Government to pay Sh2.9bn mining royalties to counties

Mining in Kenya

Mining CS Salim Mvurya has said that the national government is committed to disburse mineral royalties to counties, and announced a total of Sh2.9 billion has been set aside for this purpose.

Currently, there are 32 counties awaiting their share of these royalties, with notable amounts earmarked for regions such as Kwale (Sh1.1 billion), Kilifi (Sh350 million), and Kajiado (Sh660 million).

This announcement follows a wave of criticism from various quarters, including mining-affected communities and local leaders, who accused the government of deliberately withholding these funds. Concerns were raised over the prolonged delay since the initial promise was made.

Addressing these concerns, Mvurya attributed the delay to financial constraints but assured that the current administration is resolute in ensuring that communities benefit from their natural resources.

He acknowledged past disorganization within the Ministry of Mining and the infiltration of cartels into the sector during previous administrations.

However, optimism prevails with recent amendments to the Mining Act and the establishment of a robust legal framework for the distribution of mineral royalties. Mvurya emphasized the importance of these reforms in paving the way for effective disbursement of funds.

Under the amended Mining Act of 2016, royalties from mineral rights holders are to be shared among the national government, county governments, and affected communities, with a prescribed percentage distribution of 70-20-10. Despite this, ambiguities regarding fund allocation persisted.

To address these challenges, Mvurya revealed the government’s initiative to introduce a comprehensive Royalty Fund Sharing bill, facilitating seamless disbursement through the National Treasury.
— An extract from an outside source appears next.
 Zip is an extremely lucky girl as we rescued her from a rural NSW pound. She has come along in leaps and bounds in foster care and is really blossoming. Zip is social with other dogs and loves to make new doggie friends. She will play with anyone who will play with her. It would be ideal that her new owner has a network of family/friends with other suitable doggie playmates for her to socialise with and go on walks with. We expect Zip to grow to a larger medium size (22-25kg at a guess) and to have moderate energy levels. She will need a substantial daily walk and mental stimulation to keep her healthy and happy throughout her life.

Efforts have been made to compile data on mining operations and identify beneficiary counties, a task previously overlooked. Mvurya highlighted significant progress since the inception of the current administration, promising imminent releases of mineral royalties as the nation’s economy strengthens.

With over 2.1 million people directly dependent on the mining sector nationwide, Mvurya stressed the importance of regulating the industry and enforcing compliance with existing laws.
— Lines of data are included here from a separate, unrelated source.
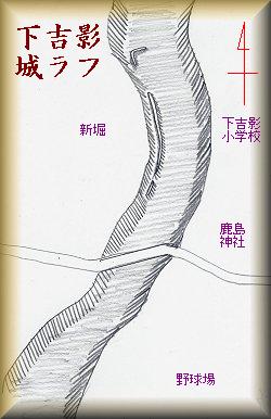 下吉影城は、下吉影小学校の南西300mほどの所にあった。南北150mほどに渡って、上端幅8m、深さ2,3mの空堀が残っているという。
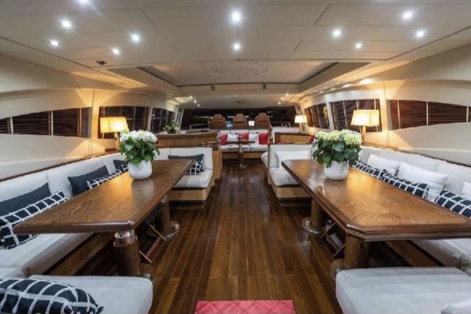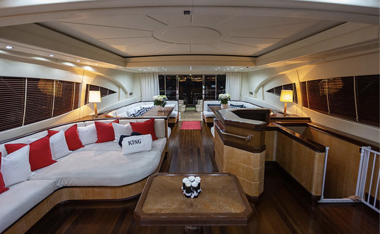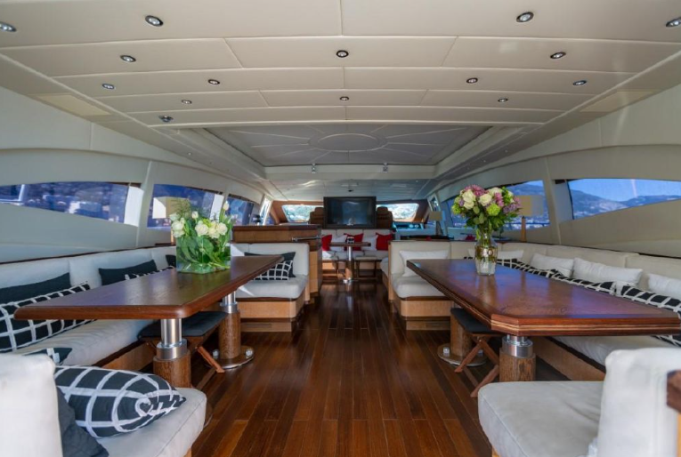 Aft Deck : 4xBOSEspeaker Main saloon : Audio system , 50′ PlasmaTV, DVD, Ipod dock and surround system
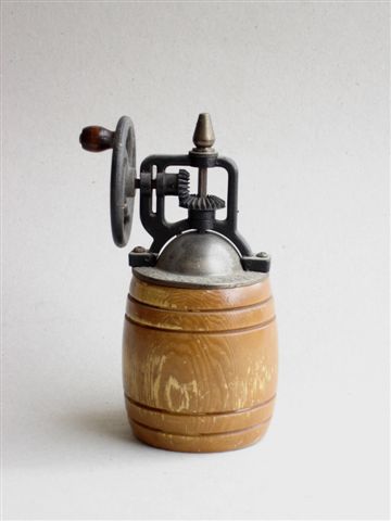 MOULIN à POIVRE. Modèle de forme tonneau en bois.
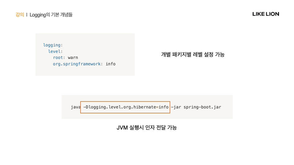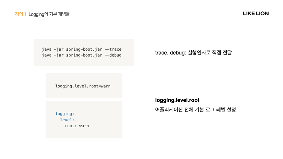 log level은 애플리케이션을 실행하면서 값을 설정해줄 수 있음. default는 info. 설정한 로그레벨 보다 >=인 메세지만 출력 (스프링부트의 default는 info이므로 trace, debug는 출력되지 않음)

Strong warnings were issued to illegal miners, underscoring the government’s commitment to enforcing regulations.

Additionally, Mvurya urged both county and national leaders to stay abreast of evolving legislation, emphasizing the role of accurate information dissemination.

The announcement was made during the launch of the Post Mining Land Use Committee at the Kenya School of Government in Kwale County, underscoring the government’s commitment to responsible post-mining land management.

Echoing Mvurya’s sentiments, Kwale Governor Fatuma Achani emphasized the importance of fulfilling the government’s promise on mineral royalties, citing their critical role in funding development projects.

Achani encouraged residents to actively participate in public engagements, urging them to seek accurate information rather than relying on speculation. She emphasized the need for informed decision-making, particularly regarding post-mining land use planning.